Note that you must guarantee uniqueness of the transaction ID in this case.

Resume a transaction

You can resume a transaction you have already begun with specifying a transaction ID as follows:

// Resume a transaction
DistributedTransaction transaction = transactionManager.resume("<transaction ID>");

It is helpful in a stateful application where a transaction spans multiple client requests. In that case, the application can begin a transaction in the first client request. And in the following client requests, it can resume the transaction with the resume() method.

CRUD operations

Key construction

Most CRUD operations need to specify Key objects (partition-key, clustering-key, etc.). So, before moving on to CRUD operations, the following explains how to construct a Key object.

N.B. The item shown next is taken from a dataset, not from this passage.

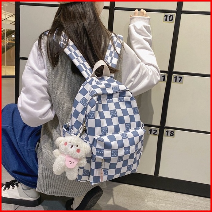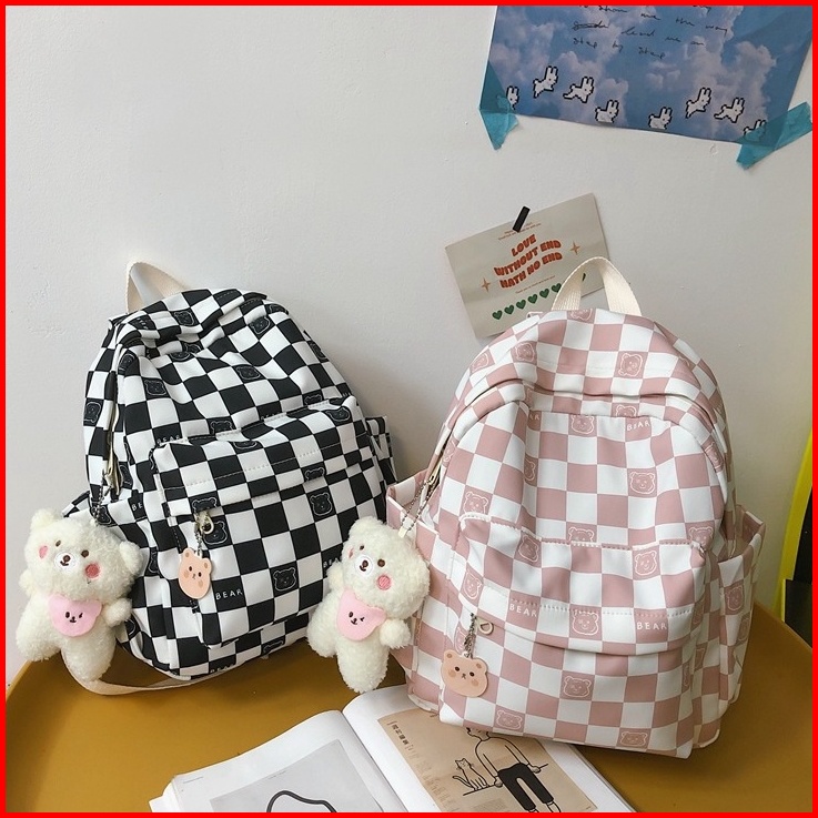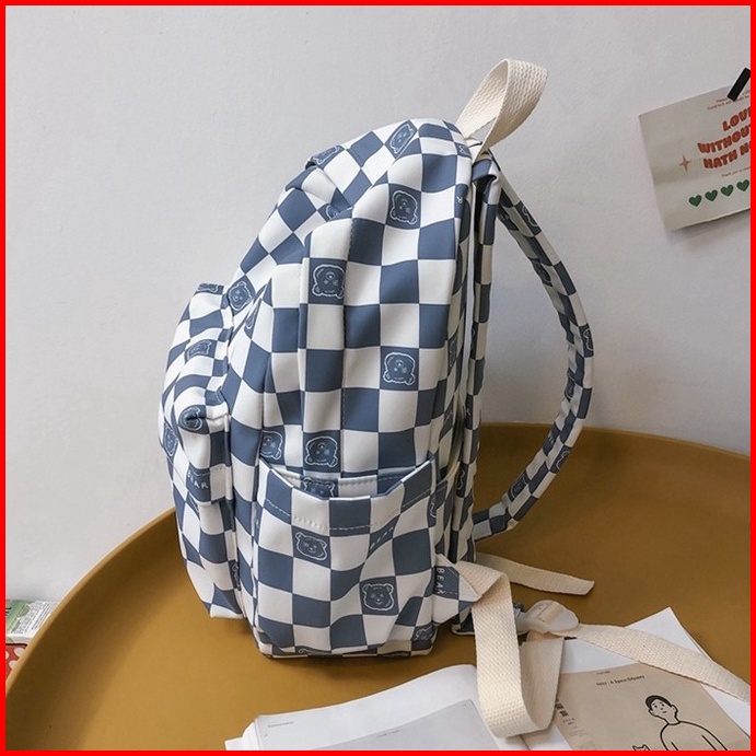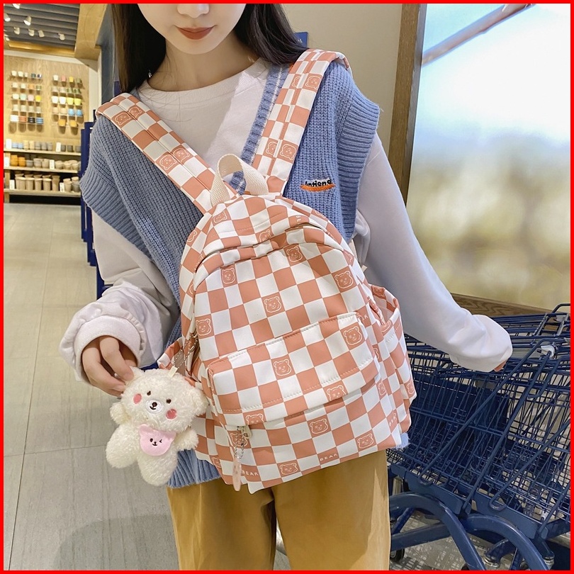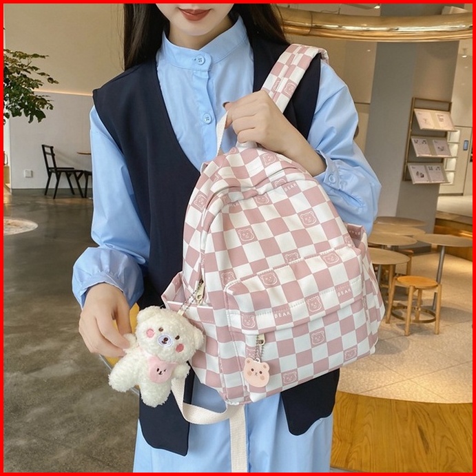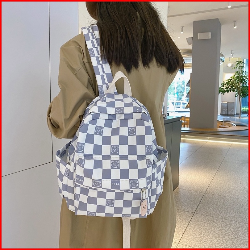 Mismi Darcy Bag Tas Ransel Wanita Korean Checker Style Backpack Sekolah Perempuan Stylish - 24d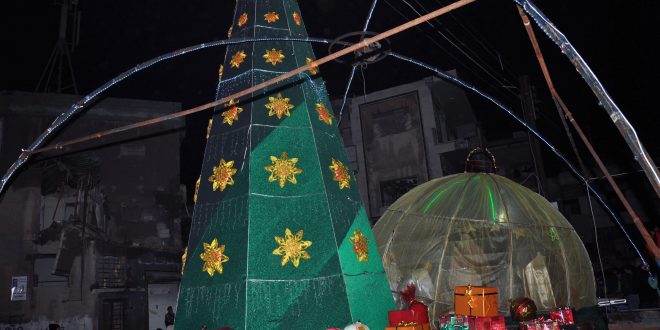 بمبادرة من بصمات ملونة وحمص بيتي ووسط حضور اهلي وشعبي واسع تمت اليوم اضاءة شجرة الميلاد في ساحة الملجا في حي بستان الديوان وسط حمص القديمة.

For a single column key, you can use the Key.ofXXX() methods (XXX is a type name) to construct it as follows:

// for a key that consists of a single column of Int
Key key1 = Key.ofInt("col1", 1);

// for a key that consists of a single column of BigInt
Key key2 = Key.ofBigInt("col1", 100L);

// for a key that consists of a single column of Double
Key key3 = Key.ofDouble("col1", 1.3d);

// for a key that consists of a single column of Text
Key key4 = Key.ofText("col1", "value");

For a key that consists of 2 - 5 columns, you can use the Key.of() methods to construct it as follows:

// for a key that consists of 2 - 5 columns
Key key1 = Key.of("col1", 1, "col2", 100L);
Key key2 = Key.of("col1", 1, "col2", 100L, "col3", 1.3d);
Key key3 = Key.of("col1", 1, "col2", 100L, "col3", 1.3d, "col4", "value");
Key key4 = Key.of("col1", 1, "col2", 100L, "col3", 1.3d, "col4", "value", "col5", false);

Similar to ImmutableMap.of() in Guava, you need to specify column names and values in turns.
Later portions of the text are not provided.